Sen. Mark Warner, a Virginia Democrat, noted during Thursday’s hearing that Comey has “had extensive experience at the Department of Justice and at the FBI” and has worked for presidents of both parties.
“What was it about that meeting that led you to determine that you needed to start putting down a written record?” Warner asked.
Comey responded that it was a number of things.
“I think the circumstances, the subject matter, and the person I was interacting with. Circumstances first, I was alone with the … president-elect of the United States. The subject matter, I was talking about matters that touch on the FBI’s core responsibility and that relate to the president-elect personally. And then the nature of the person. I was honestly concerned that he might lie about the nature of our meeting, and so I thought it really important to document.”
Comey continued: “That combination of things I’d never experienced before, but it led me to believe that I’ve got to write it down and I’ve got to write it down in a very detailed way.”
In his prepared testimony, Comey went into more detail about his notes on his meetings with Trump.
“Creating written records immediately after one-on-one conversations with Mr. Trump was my practice from that point forward,” Comey said of his first meeting with Trump. “This had not been my practice in the past. I spoke alone with President Obama twice in person (and never on the phone) — once in 2015 to discuss law enforcement policy issues and a second time, briefly, for him to say goodbye in late 2016. In neither of those circumstances did I memorialise the discussions.
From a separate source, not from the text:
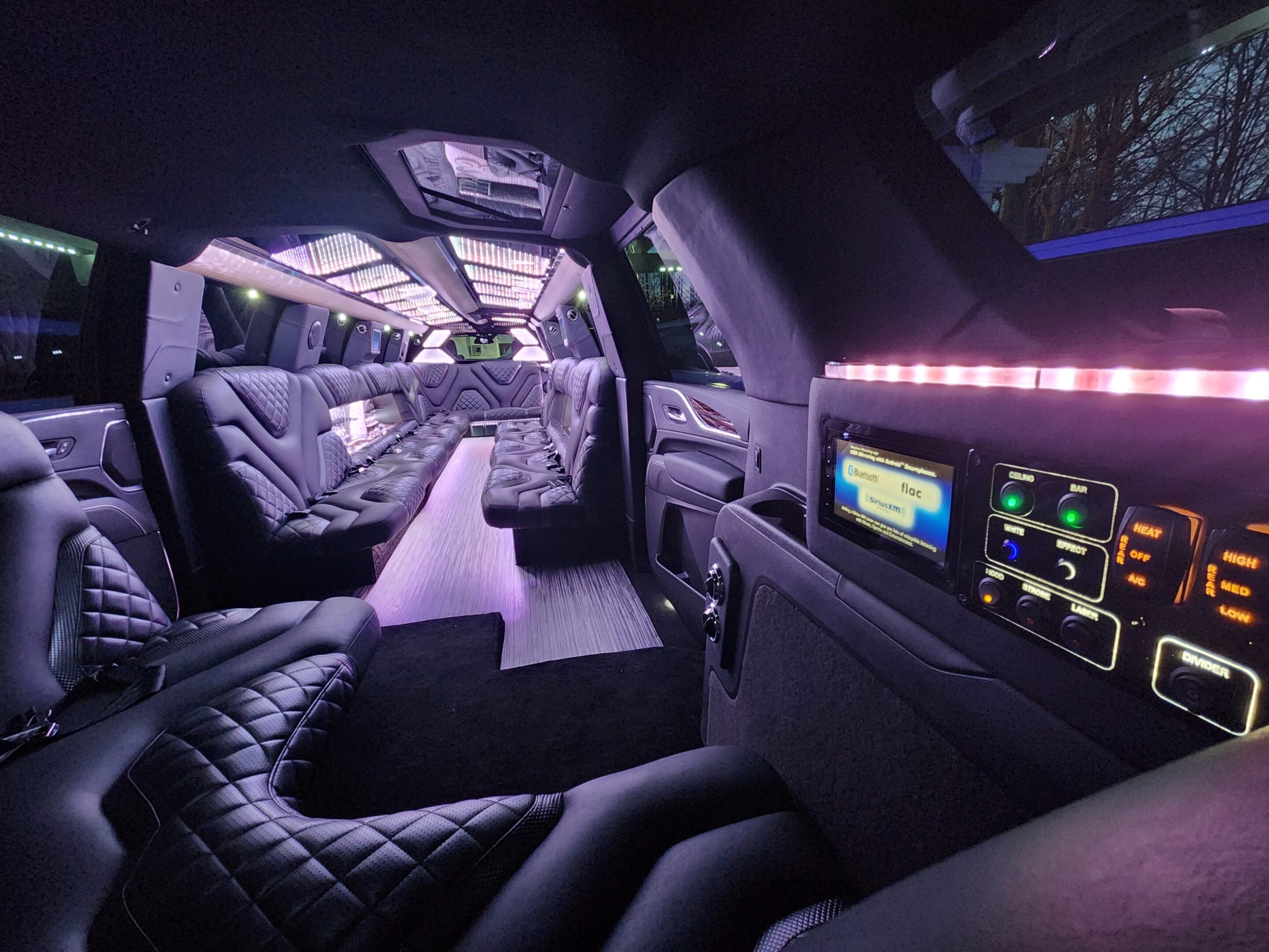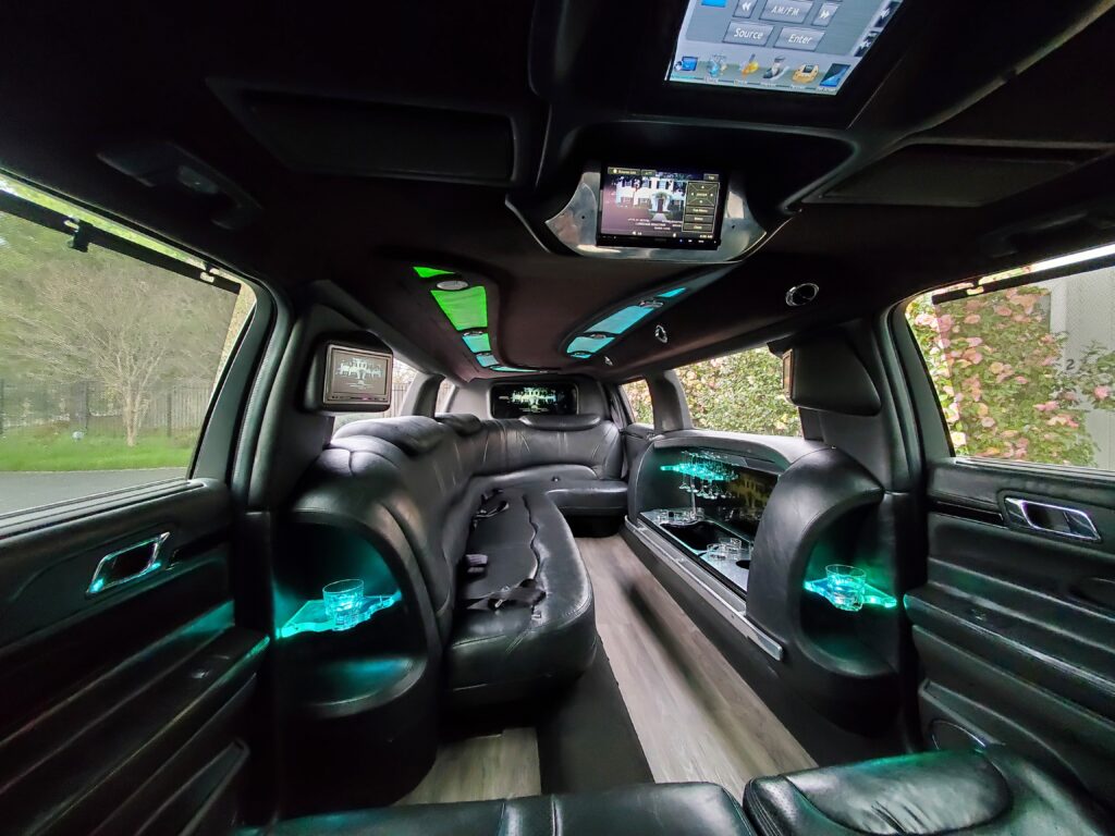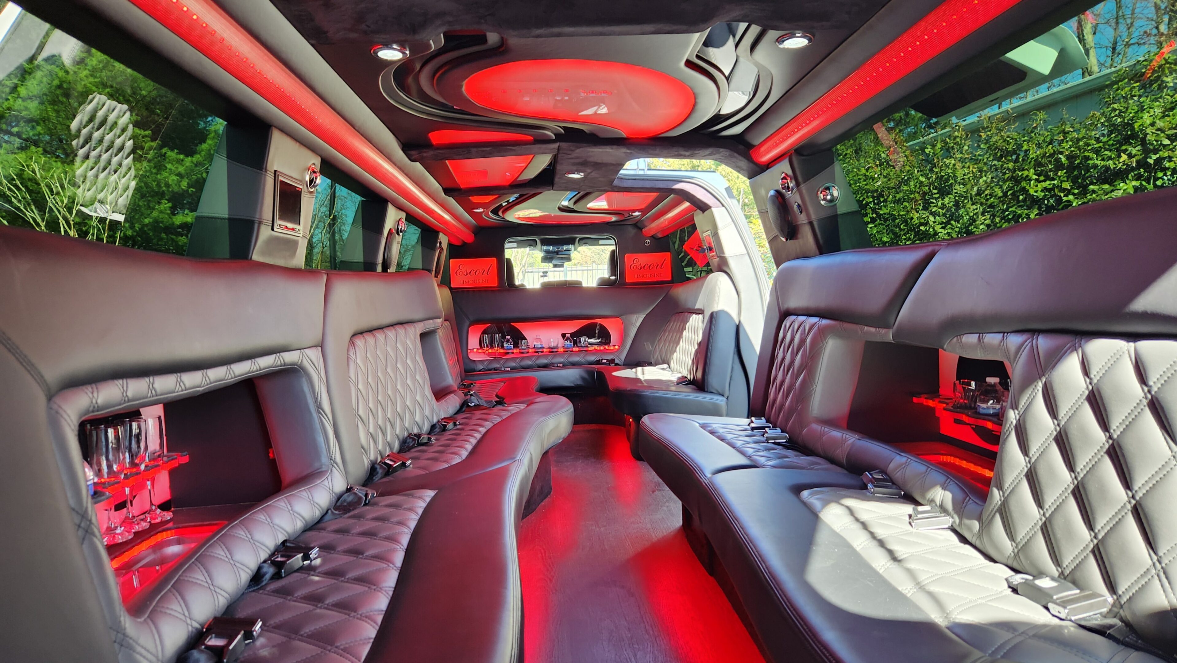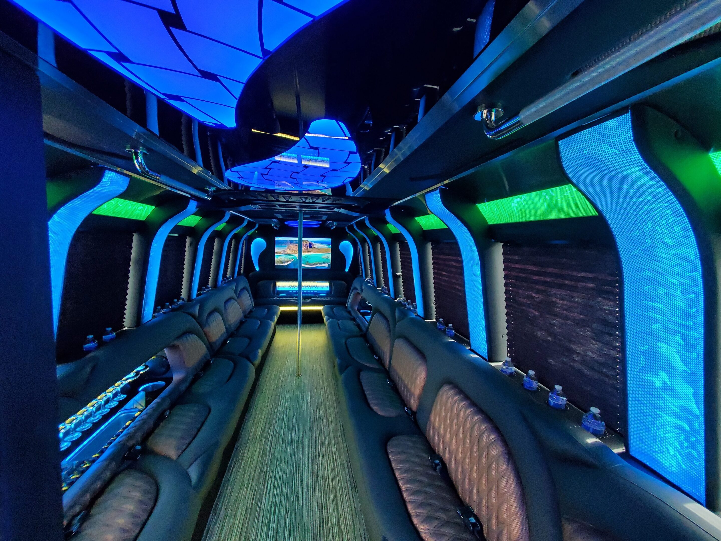 This is a party room on the wheel with a cozy and one-of-a-kind interior. Wrap-around two-tone leather seats with seating for 28–30 people. Color wash on ceiling and walls with fiber optic lights, neon lights, strobe lights, floor lights, opera lights, bar lights, cove lights, strobe lights, laser lights, four large bars with acrylic counter top, 50" flat screen TV, great sound system with subwoofer, CD/DVD and Bluetooth, hardwood floor. Ideal limo for almost any occasion, whether it is for weddings, winery tours, city tours, birthdays, proms, concerts, corporate functions, or out-of-town trips.

I can recall nine one-on-one conversations with President Trump in four months — three in person and six on the phone.”
Comey also wrote in his prepared testimony that Trump asked him for loyalty during their dinner on January 27, but that he told the president “that I was not on anybody’s side politically and could not be counted on in the traditional political sense, a stance I said was in his best interest as the president.”